Data records
'''

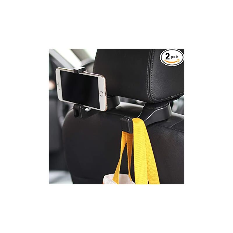 Carico gancio: Il carico massimo del gancio è di 44 libbre/ogni gancio. Funzione staffa: supporta telefoni cellulari entro 6 pollici di larghezza I ganci per poggiatesta per auto sono perfetti per appendere generi alimentari, vestiti, ombrelli, borse, bottiglie d'acqua, giocattoli per bambini, articoli per bambini e altro ancora. Capovolgi delicatamente, aggancia il supporto del telefono e goditi il tuo teatro unico Sono inclusi 2 ganci per i tuoi molteplici scopi. Il gancio può essere ruotato orizzontalmente di 360 gradi dopo l'installazione. I ganci possono essere nascosti quando non in uso, risparmiando spazio e perfettamente compatibili con la tua auto. Organizza il disordine del sedile posteriore e apre lo spazio di sedile, pavimento e gambe, ganci oscillanti sulla parte anteriore o posteriore del sedile per utilizzare secondo necessità Il gancio è dotato di un coperchio di blocco, che è più stabile e non si stacca.
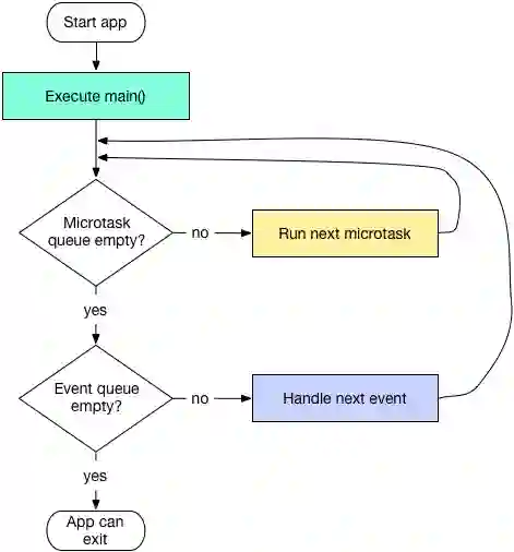 每个isolate包含一个事件循环以及两个事件队列,event loop事件循环,以及event queue和microtask queue事件队列,event和microtask队列有点类似iOS的source0和source1。
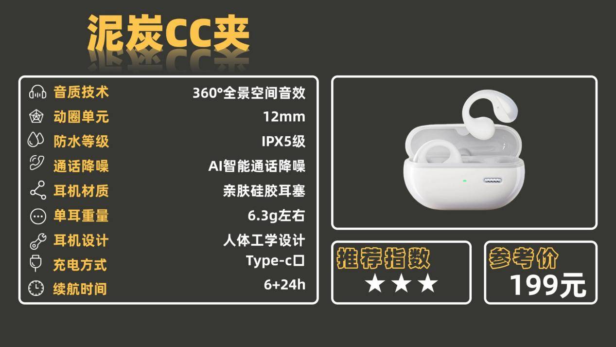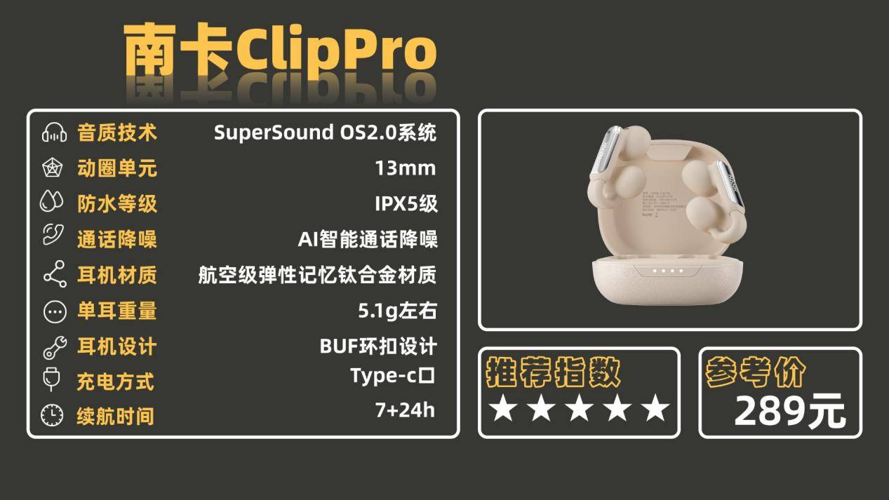 南卡Clip Pro是以“高性价比+高性能”爆火网络的款式,本身出自专业开放式老牌南卡旗下,这个品牌这两年也是经常霸榜开放式耳机口碑排名。作为一款百元级的耳夹式开放耳机,它没有学很多品牌通过砍掉核心体验来换取更低低价格来吸引用户,而纯粹通过选材、技术、工艺创新等,来提高体验。音质上,拥有新一代MCW多层复合宽环振膜+Super sound OS2.0发烧级声学系统的组合,这是南卡凭借这13年的音频研发经验,研发出的更适合耳夹式耳机的传音结构,将声音细节直线拉满!佩戴上,突破性地采用了BUF环扣人体工学设计,以及C-Hook2.0的全新佩戴方案,单个耳机仅5.1g,更贴合人耳,实现0压0感的佩戴体验!
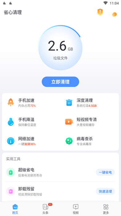 省心清理APP功能1、垃圾清理:更新发动机库,深度清理手机垃圾,释放手机空间。
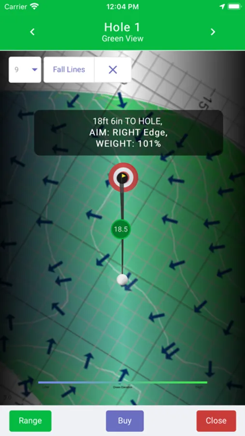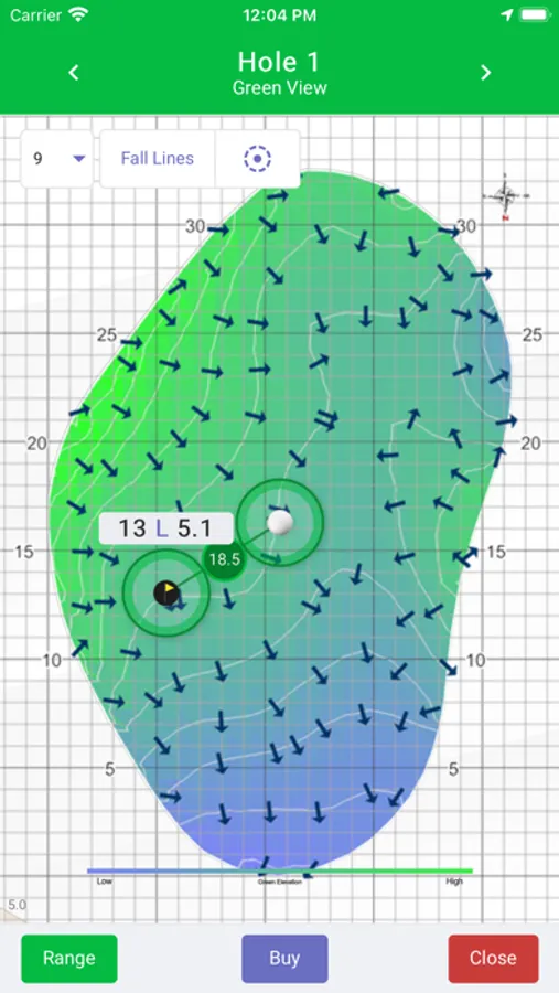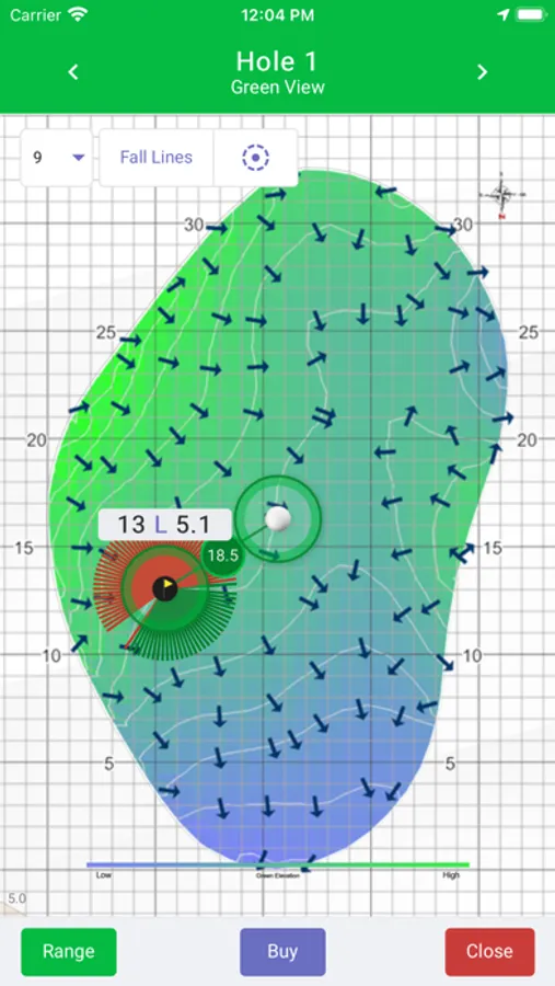 It displays an interactive topography map for each green we've scanned. You can zoom in and out to see the contours and slope percentages, adjust the grid, view a spinning 3D animation, and even calculate your exact putt line (StrackaLine) by setting the hole location and your ball location. Just like a video game, but the information is real!

'''

## Your task:
Exact copy, no pictures: return the entries word for word.

## Output of the exercise:
 Carico gancio: Il carico massimo del gancio è di 44 libbre/ogni gancio. Funzione staffa: supporta telefoni cellulari entro 6 pollici di larghezza I ganci per poggiatesta per auto sono perfetti per appendere generi alimentari, vestiti, ombrelli, borse, bottiglie d'acqua, giocattoli per bambini, articoli per bambini e altro ancora. Capovolgi delicatamente, aggancia il supporto del telefono e goditi il tuo teatro unico Sono inclusi 2 ganci per i tuoi molteplici scopi. Il gancio può essere ruotato orizzontalmente di 360 gradi dopo l'installazione. I ganci possono essere nascosti quando non in uso, risparmiando spazio e perfettamente compatibili con la tua auto. Organizza il disordine del sedile posteriore e apre lo spazio di sedile, pavimento e gambe, ganci oscillanti sulla parte anteriore o posteriore del sedile per utilizzare secondo necessità Il gancio è dotato di un coperchio di blocco, che è più stabile e non si stacca.
 每个isolate包含一个事件循环以及两个事件队列,event loop事件循环,以及event queue和microtask queue事件队列,event和microtask队列有点类似iOS的source0和source1。
 南卡Clip Pro是以“高性价比+高性能”爆火网络的款式,本身出自专业开放式老牌南卡旗下,这个品牌这两年也是经常霸榜开放式耳机口碑排名。作为一款百元级的耳夹式开放耳机,它没有学很多品牌通过砍掉核心体验来换取更低低价格来吸引用户,而纯粹通过选材、技术、工艺创新等,来提高体验。音质上,拥有新一代MCW多层复合宽环振膜+Super sound OS2.0发烧级声学系统的组合,这是南卡凭借这13年的音频研发经验,研发出的更适合耳夹式耳机的传音结构,将声音细节直线拉满!佩戴上,突破性地采用了BUF环扣人体工学设计,以及C-Hook2.0的全新佩戴方案,单个耳机仅5.1g,更贴合人耳,实现0压0感的佩戴体验!
 省心清理APP功能1、垃圾清理:更新发动机库,深度清理手机垃圾,释放手机空间。
 It displays an interactive topography map for each green we've scanned. You can zoom in and out to see the contours and slope percentages, adjust the grid, view a spinning 3D animation, and even calculate your exact putt line (StrackaLine) by setting the hole location and your ball location. Just like a video game, but the information is real!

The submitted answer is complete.